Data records
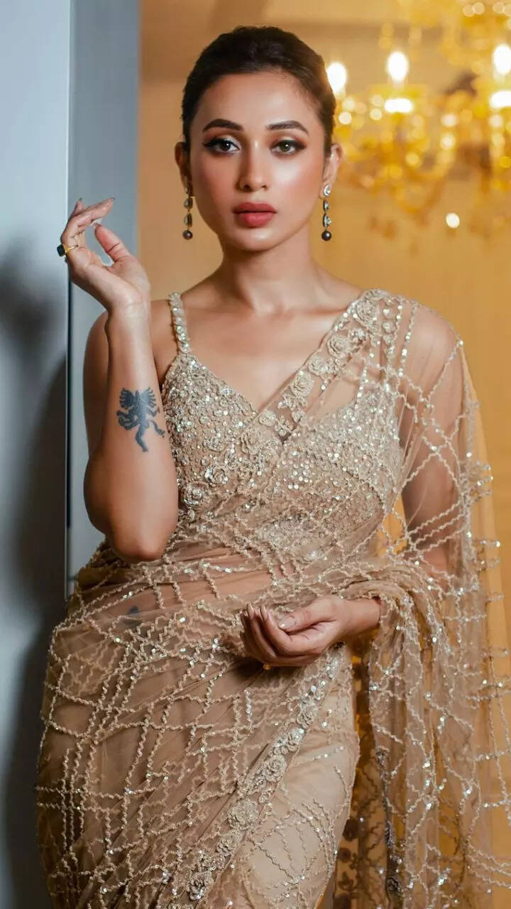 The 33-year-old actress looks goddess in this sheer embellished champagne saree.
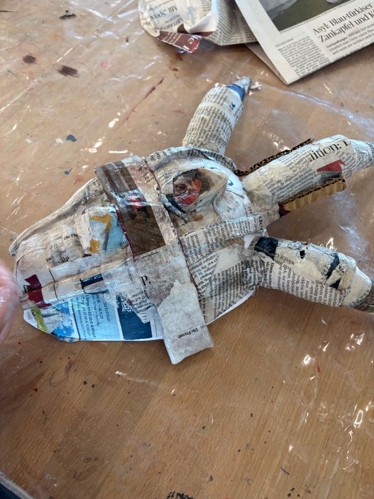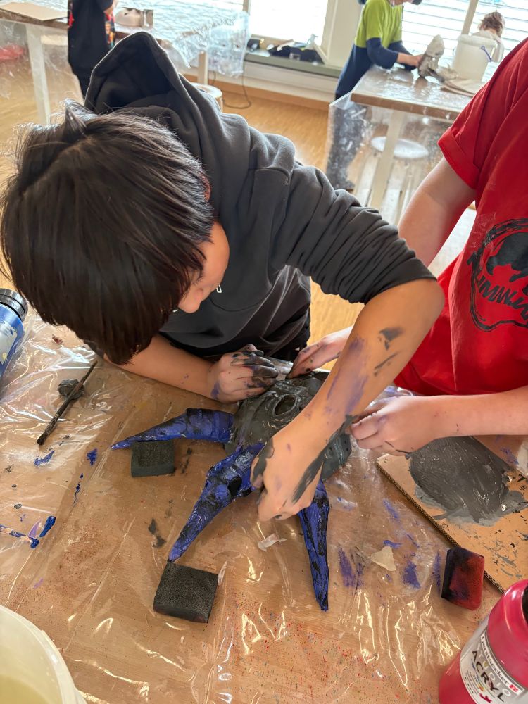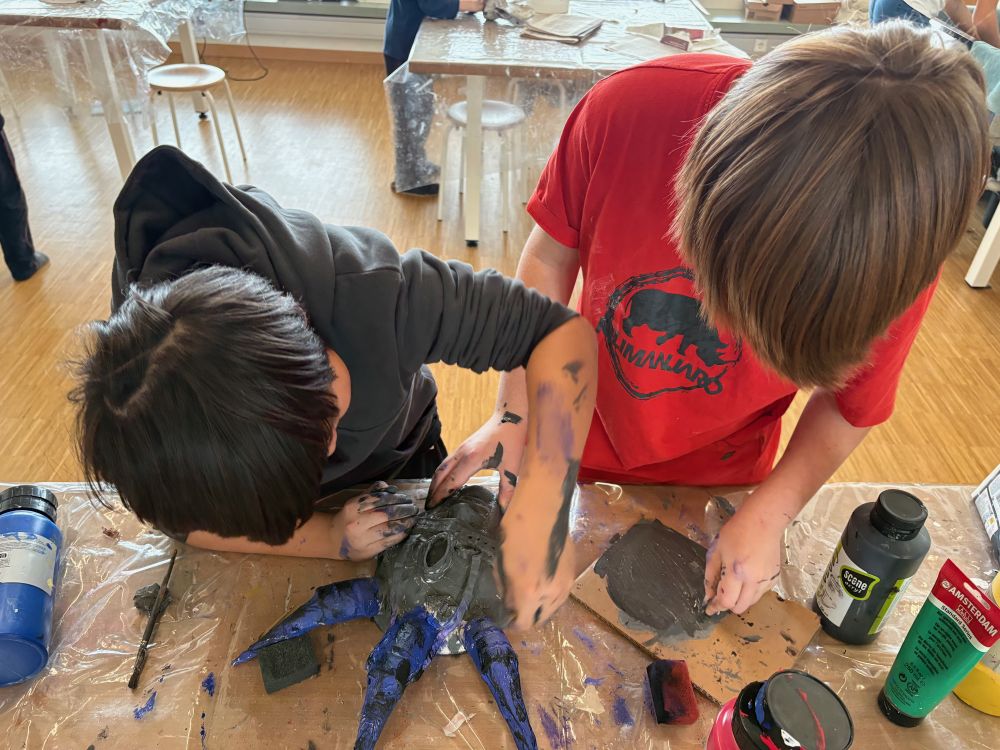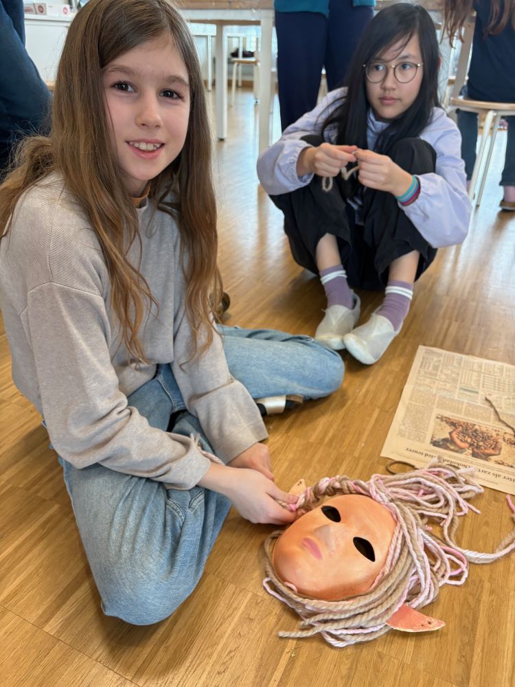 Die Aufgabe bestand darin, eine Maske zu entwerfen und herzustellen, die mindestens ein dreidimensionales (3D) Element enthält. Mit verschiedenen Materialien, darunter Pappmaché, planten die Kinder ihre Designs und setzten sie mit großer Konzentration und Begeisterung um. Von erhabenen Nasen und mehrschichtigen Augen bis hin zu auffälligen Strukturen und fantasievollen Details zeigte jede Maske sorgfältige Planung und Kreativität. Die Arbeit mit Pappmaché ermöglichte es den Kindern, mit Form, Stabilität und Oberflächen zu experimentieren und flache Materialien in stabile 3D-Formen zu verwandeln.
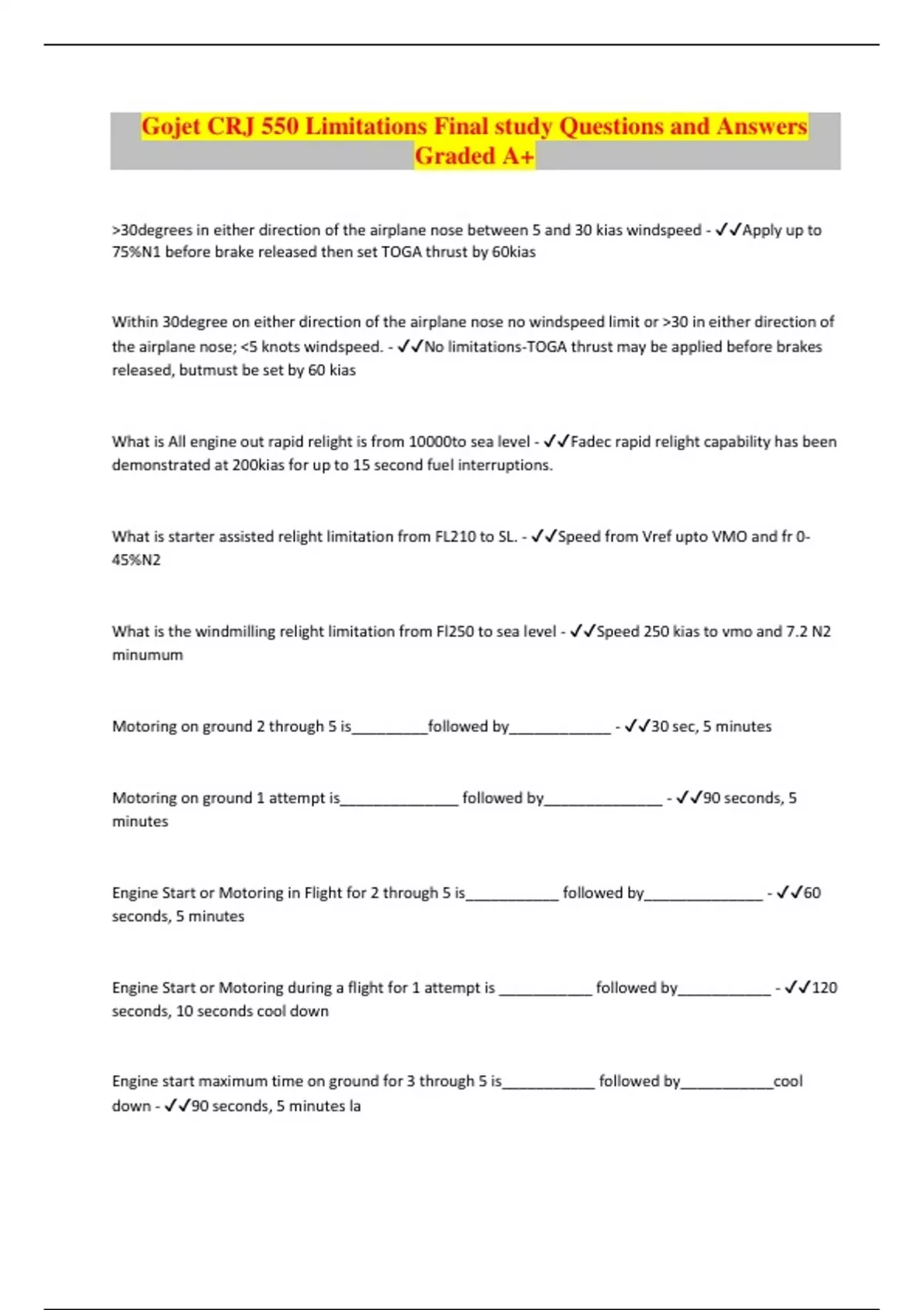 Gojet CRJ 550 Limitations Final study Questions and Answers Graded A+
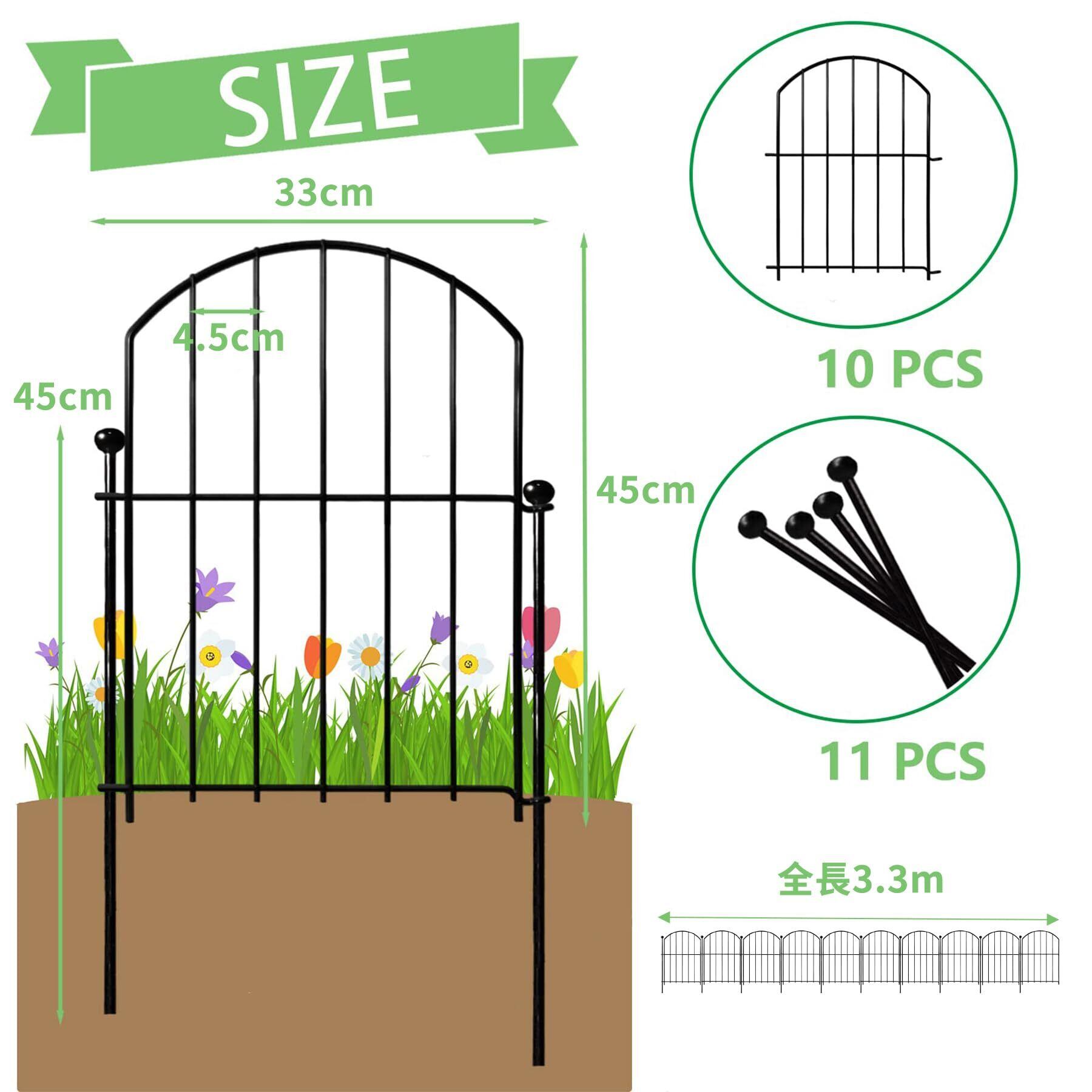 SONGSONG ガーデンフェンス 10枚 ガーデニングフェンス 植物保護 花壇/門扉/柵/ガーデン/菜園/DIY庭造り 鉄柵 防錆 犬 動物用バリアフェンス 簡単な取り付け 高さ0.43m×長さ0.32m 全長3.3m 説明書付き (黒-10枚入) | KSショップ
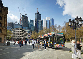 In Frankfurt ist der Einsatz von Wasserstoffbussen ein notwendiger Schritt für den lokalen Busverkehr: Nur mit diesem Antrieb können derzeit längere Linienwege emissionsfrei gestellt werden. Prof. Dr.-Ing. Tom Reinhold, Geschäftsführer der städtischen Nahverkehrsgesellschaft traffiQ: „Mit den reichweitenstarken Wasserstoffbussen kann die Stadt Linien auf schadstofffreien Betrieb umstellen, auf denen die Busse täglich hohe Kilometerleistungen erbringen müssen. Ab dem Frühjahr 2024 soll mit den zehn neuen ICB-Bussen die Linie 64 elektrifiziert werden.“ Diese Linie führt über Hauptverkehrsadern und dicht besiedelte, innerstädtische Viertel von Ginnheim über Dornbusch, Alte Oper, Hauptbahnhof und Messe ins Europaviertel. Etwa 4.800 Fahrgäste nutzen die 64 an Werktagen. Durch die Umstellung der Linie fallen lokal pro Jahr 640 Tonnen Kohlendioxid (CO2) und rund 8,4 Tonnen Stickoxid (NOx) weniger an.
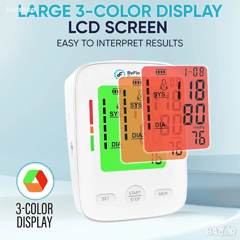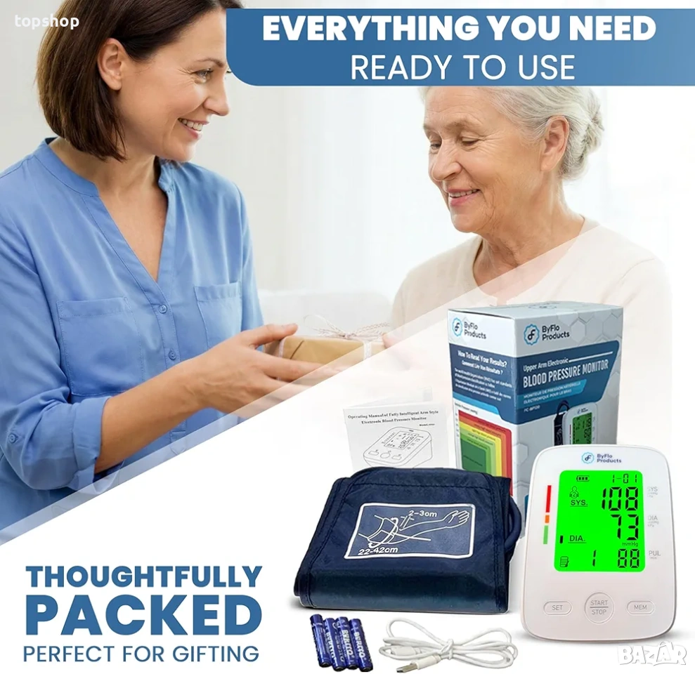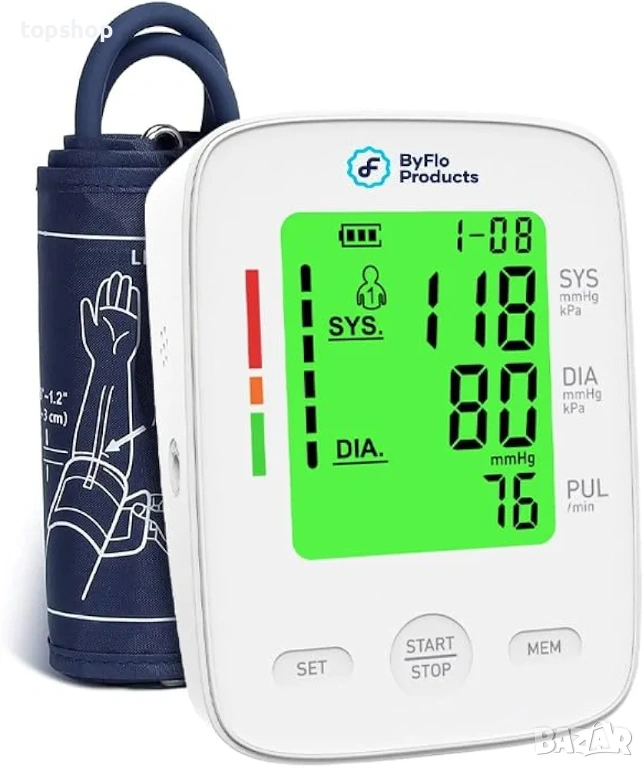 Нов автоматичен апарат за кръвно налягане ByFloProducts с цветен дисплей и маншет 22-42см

### WORK INSTRUCTION
Return every line shown above without changing a word, and skip the pictures.

### RESULT
 The 33-year-old actress looks goddess in this sheer embellished champagne saree.
 Die Aufgabe bestand darin, eine Maske zu entwerfen und herzustellen, die mindestens ein dreidimensionales (3D) Element enthält. Mit verschiedenen Materialien, darunter Pappmaché, planten die Kinder ihre Designs und setzten sie mit großer Konzentration und Begeisterung um. Von erhabenen Nasen und mehrschichtigen Augen bis hin zu auffälligen Strukturen und fantasievollen Details zeigte jede Maske sorgfältige Planung und Kreativität. Die Arbeit mit Pappmaché ermöglichte es den Kindern, mit Form, Stabilität und Oberflächen zu experimentieren und flache Materialien in stabile 3D-Formen zu verwandeln.
 Gojet CRJ 550 Limitations Final study Questions and Answers Graded A+
 SONGSONG ガーデンフェンス 10枚 ガーデニングフェンス 植物保護 花壇/門扉/柵/ガーデン/菜園/DIY庭造り 鉄柵 防錆 犬 動物用バリアフェンス 簡単な取り付け 高さ0.43m×長さ0.32m 全長3.3m 説明書付き (黒-10枚入) | KSショップ
 In Frankfurt ist der Einsatz von Wasserstoffbussen ein notwendiger Schritt für den lokalen Busverkehr: Nur mit diesem Antrieb können derzeit längere Linienwege emissionsfrei gestellt werden. Prof. Dr.-Ing. Tom Reinhold, Geschäftsführer der städtischen Nahverkehrsgesellschaft traffiQ: „Mit den reichweitenstarken Wasserstoffbussen kann die Stadt Linien auf schadstofffreien Betrieb umstellen, auf denen die Busse täglich hohe Kilometerleistungen erbringen müssen. Ab dem Frühjahr 2024 soll mit den zehn neuen ICB-Bussen die Linie 64 elektrifiziert werden.“ Diese Linie führt über Hauptverkehrsadern und dicht besiedelte, innerstädtische Viertel von Ginnheim über Dornbusch, Alte Oper, Hauptbahnhof und Messe ins Europaviertel. Etwa 4.800 Fahrgäste nutzen die 64 an Werktagen. Durch die Umstellung der Linie fallen lokal pro Jahr 640 Tonnen Kohlendioxid (CO2) und rund 8,4 Tonnen Stickoxid (NOx) weniger an.
 Нов автоматичен апарат за кръвно налягане ByFloProducts с цветен дисплей и маншет 22-42см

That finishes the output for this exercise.